President Trump said he is ordering a pause on ‘reciprocal’ tariffs slammed on Sri Lanka and other countries after 75 countries offered to negotiate, amid a collapse of stock markets, but a 10 percent tax would remain. Many stock markets around the world were back in the green.

The All Share Price Index was trading up on 693 points within the first half hour of opening and the more liquid S&P SL20 was up 6.42%, or 286 points, at 4,632.00.

Turnover was Rs 6.1 billion with ten crossings.
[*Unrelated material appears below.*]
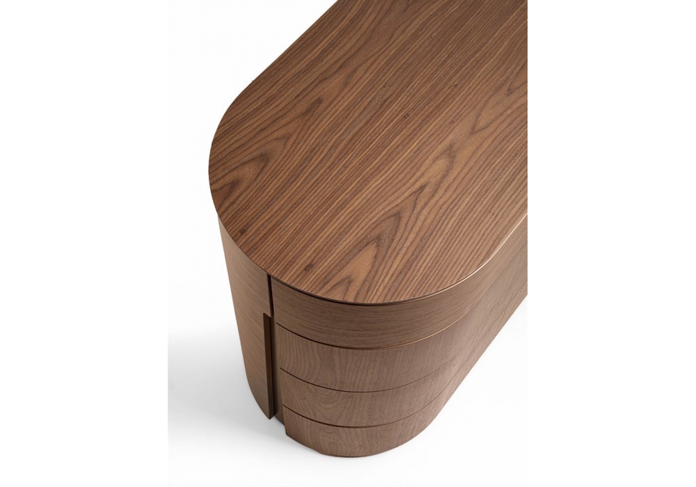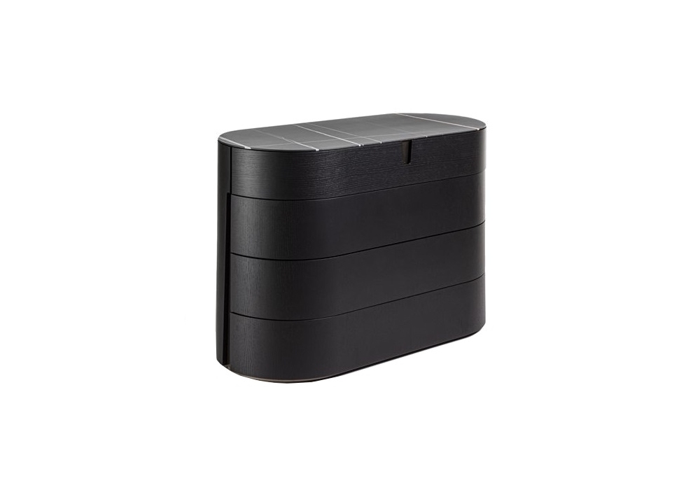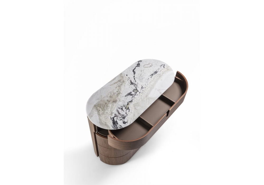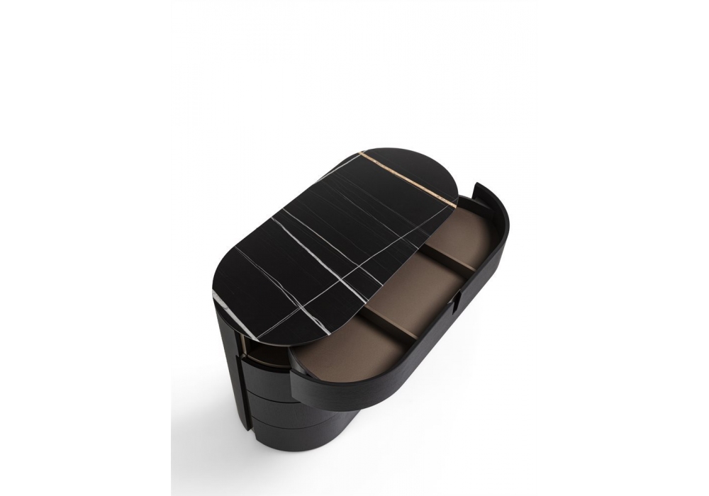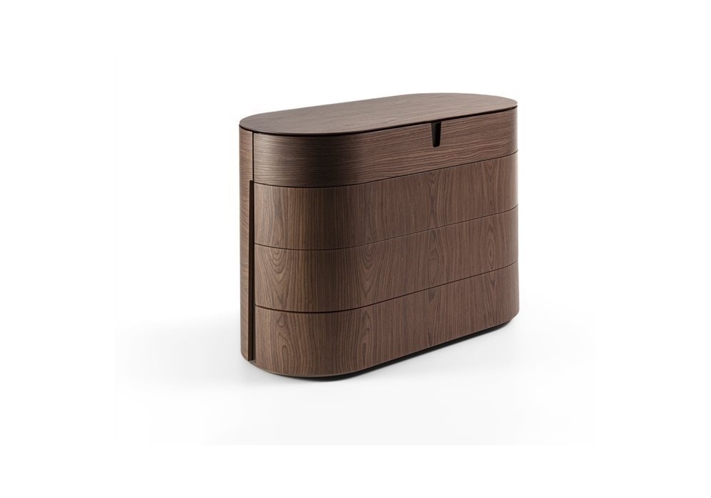 Tylsa Night 4 designed by D. Radice for Porada is a chest of drawers with four drawers with structure in ash or canaletta walnut. Metal base in Bronzoro finish and top in wood or marble. Upper drawer handle recessed with metal bottom in Bronzoro finish. Upper drawer divided into three compartments and lower drawers with push-pull opening. Interior of the drawers in scratch-resistant titanium finish.
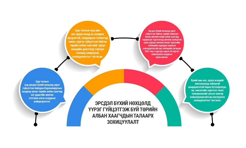 - Цар тахлын үед эрсдэл бүхий нөхцөлд үүрэг гүйцэтгэж байхдаа коронавирусын халдвар авсан төрийн албан хаагчид нэг удаагийн мөнгөн тэтгэмж олгох асуудлыг шийдвэрлэх.

Those crossings were reported in JKH which crossed 30.7 million shares to the tune of Rs 607 million and its shares traded at Rs 20.10, Sampath Bank 3.7 million shares crossed for Rs 419 million; its shares traded at Rs 150, Commercial Bank 2.2 million shares crossed for Rs 151 million; its shares traded at Rs 125.

Singer (Sri Lanka) 1.5 million shares crossed for Rs 52.5 million; its shares traded at Rs 35, Vidul Lanka 3.7 million shares crossed for Rs 49.4 million; its shares traded at Rs 13.50, People’ Leasing 2 million shares crossed to the tune of Rs 35 million; its shares sold at Rs 2.70, HNB 100,000 shares crossed to the tune of Rs 30.5 million, Hemas Holdings 210,000 shares crossed for Rs 23.4 million; its shares traded at Rs 117, LMF 500,000 shares crossed to the tune of Rs 21.4 million; its shares fetched Rs 42.70 and DFCC 200,000 shares crossed to the tune of Rs 20 million; its shares traded at Rs 100.

In the retail market top six companies that have mainly contributed to the turnover were; Sampath Bank Rs 709 million (6.2 million shares traded), Commercial Bank Rs 626 million (4.4 million shares traded), HNB Rs 619 million (two million shares traded), JKH Rs 346 million (three million shares traded), RIL Properties Rs 164 million (10.3 million shares traded) and Brown’s Investments Rs 161 million (22.1 million shares traded).During the day 212 million shares volumes changed hands in 23287 transactions.

Yesterday, US dollar buying rate was Rs 297.50, while the selling rate was Rs 298.60.